> [DATA PROVIDED]:
━━━━━━

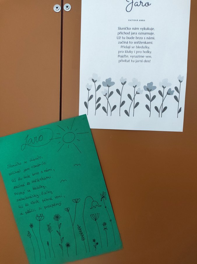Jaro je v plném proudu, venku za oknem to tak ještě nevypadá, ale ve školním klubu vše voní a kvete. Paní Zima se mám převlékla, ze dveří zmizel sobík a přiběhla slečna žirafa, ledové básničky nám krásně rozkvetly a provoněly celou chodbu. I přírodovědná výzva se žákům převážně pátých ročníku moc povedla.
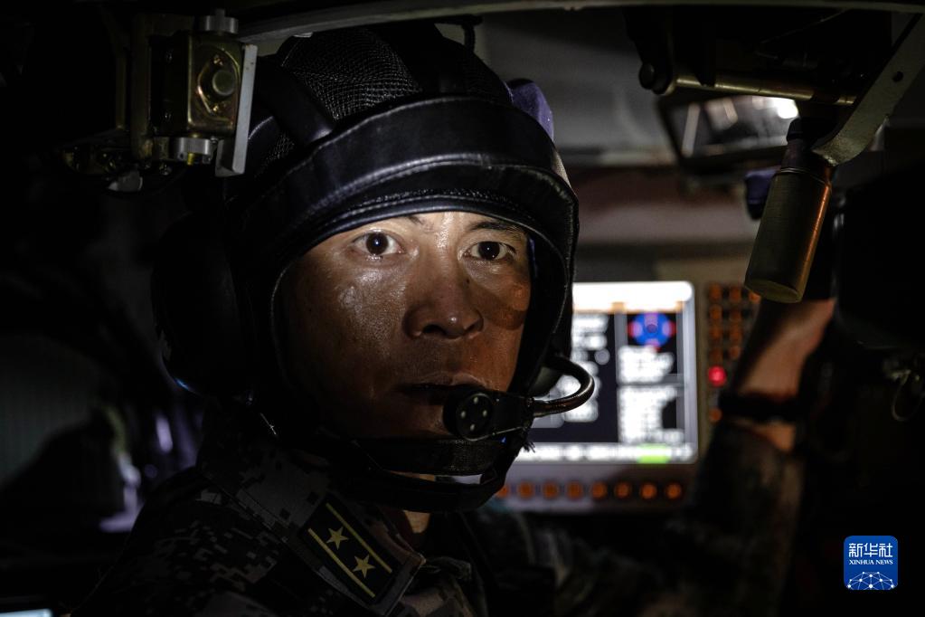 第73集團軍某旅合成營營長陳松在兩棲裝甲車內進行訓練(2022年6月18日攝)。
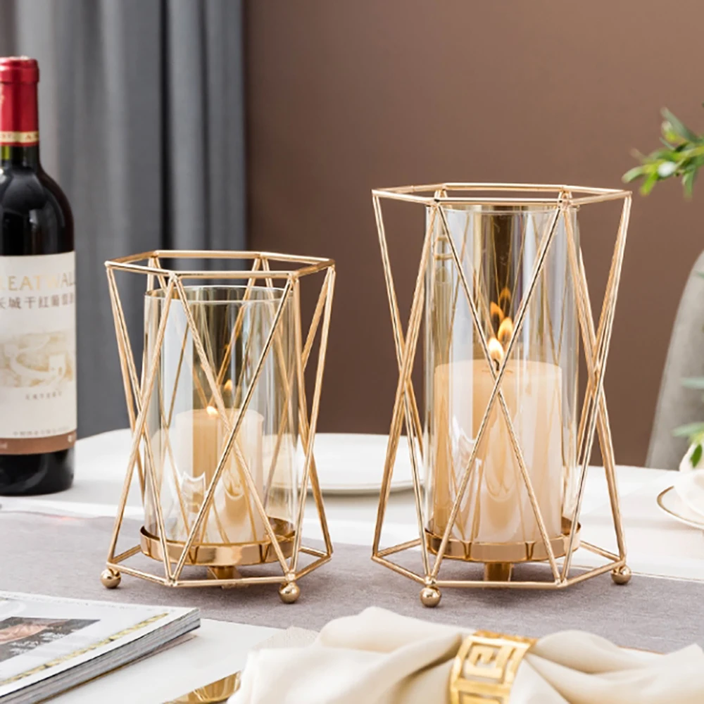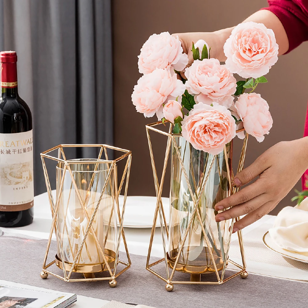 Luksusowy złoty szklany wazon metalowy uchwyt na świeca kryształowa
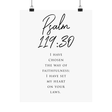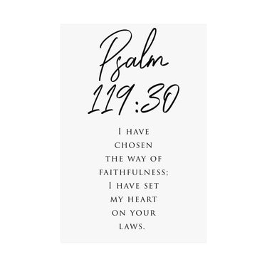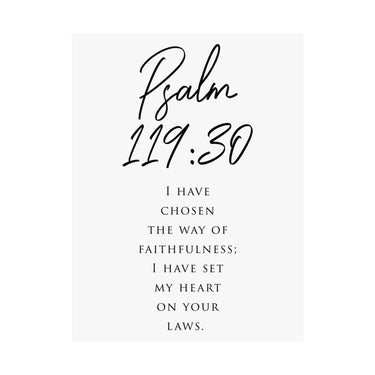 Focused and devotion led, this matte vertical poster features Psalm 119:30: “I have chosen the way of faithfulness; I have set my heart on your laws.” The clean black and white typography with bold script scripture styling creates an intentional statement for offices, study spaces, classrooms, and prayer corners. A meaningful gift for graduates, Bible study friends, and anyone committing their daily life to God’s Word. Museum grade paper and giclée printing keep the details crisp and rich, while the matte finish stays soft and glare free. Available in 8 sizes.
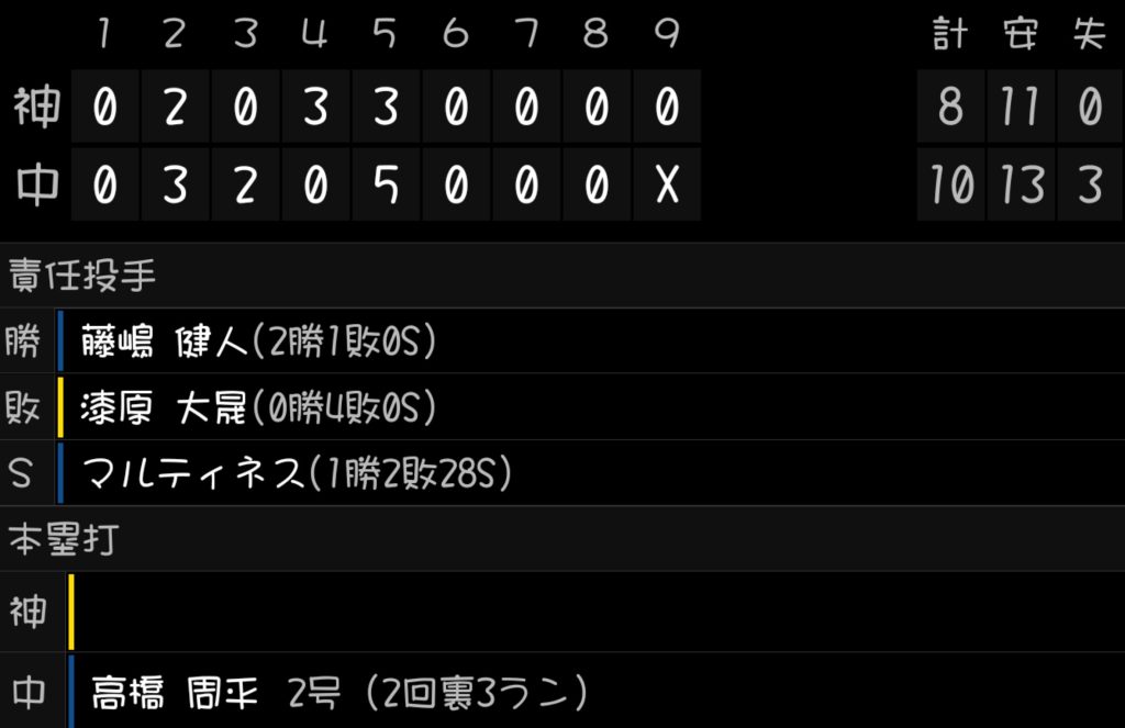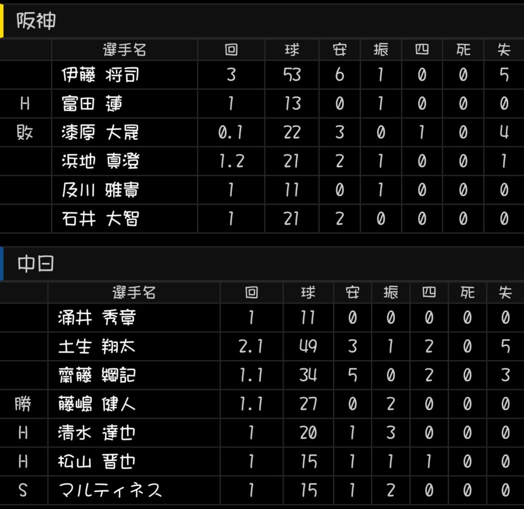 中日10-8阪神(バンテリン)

━━━━━━

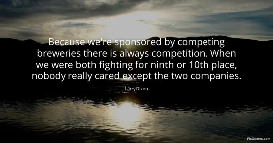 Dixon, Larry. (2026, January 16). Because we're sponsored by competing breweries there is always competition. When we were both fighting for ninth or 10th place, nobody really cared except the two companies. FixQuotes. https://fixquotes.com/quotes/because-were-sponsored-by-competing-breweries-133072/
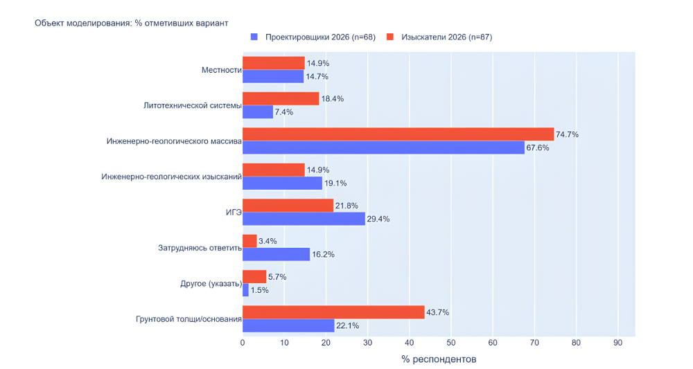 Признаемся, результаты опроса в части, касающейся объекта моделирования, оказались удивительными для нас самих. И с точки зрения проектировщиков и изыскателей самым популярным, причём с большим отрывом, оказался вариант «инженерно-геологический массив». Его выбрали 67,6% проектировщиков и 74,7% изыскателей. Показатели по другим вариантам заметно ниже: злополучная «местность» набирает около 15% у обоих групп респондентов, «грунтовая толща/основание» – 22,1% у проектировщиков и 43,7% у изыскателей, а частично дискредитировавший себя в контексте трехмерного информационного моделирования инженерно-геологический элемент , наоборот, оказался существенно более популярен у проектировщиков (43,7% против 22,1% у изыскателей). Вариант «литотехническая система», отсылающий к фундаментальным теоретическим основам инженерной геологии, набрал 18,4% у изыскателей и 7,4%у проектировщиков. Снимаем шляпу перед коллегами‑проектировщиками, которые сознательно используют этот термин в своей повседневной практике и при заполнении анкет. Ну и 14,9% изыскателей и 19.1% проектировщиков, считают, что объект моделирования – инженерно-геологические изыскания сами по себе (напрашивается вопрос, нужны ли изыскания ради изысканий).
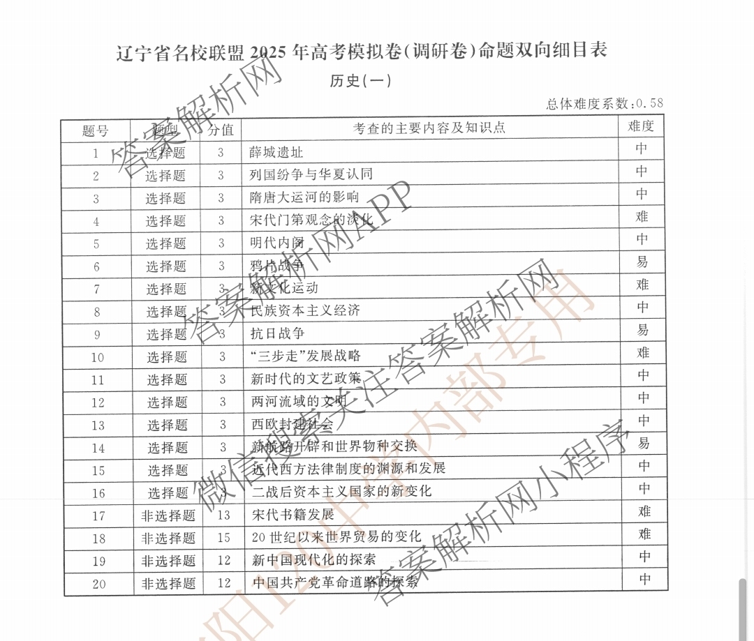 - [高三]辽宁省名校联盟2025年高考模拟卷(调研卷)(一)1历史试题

━━━━━━

> [EXERCISE GOAL]:
Your output should be the lines above from the one that contains "第73集團軍某旅合成營營長陳" through the one that contains "中日10-8阪神(バンテリン)", word for word, with pictures left out.

> [RESULT OF THE TASK]:
 第73集團軍某旅合成營營長陳松在兩棲裝甲車內進行訓練(2022年6月18日攝)。
 Luksusowy złoty szklany wazon metalowy uchwyt na świeca kryształowa
 Focused and devotion led, this matte vertical poster features Psalm 119:30: “I have chosen the way of faithfulness; I have set my heart on your laws.” The clean black and white typography with bold script scripture styling creates an intentional statement for offices, study spaces, classrooms, and prayer corners. A meaningful gift for graduates, Bible study friends, and anyone committing their daily life to God’s Word. Museum grade paper and giclée printing keep the details crisp and rich, while the matte finish stays soft and glare free. Available in 8 sizes.
 中日10-8阪神(バンテリン)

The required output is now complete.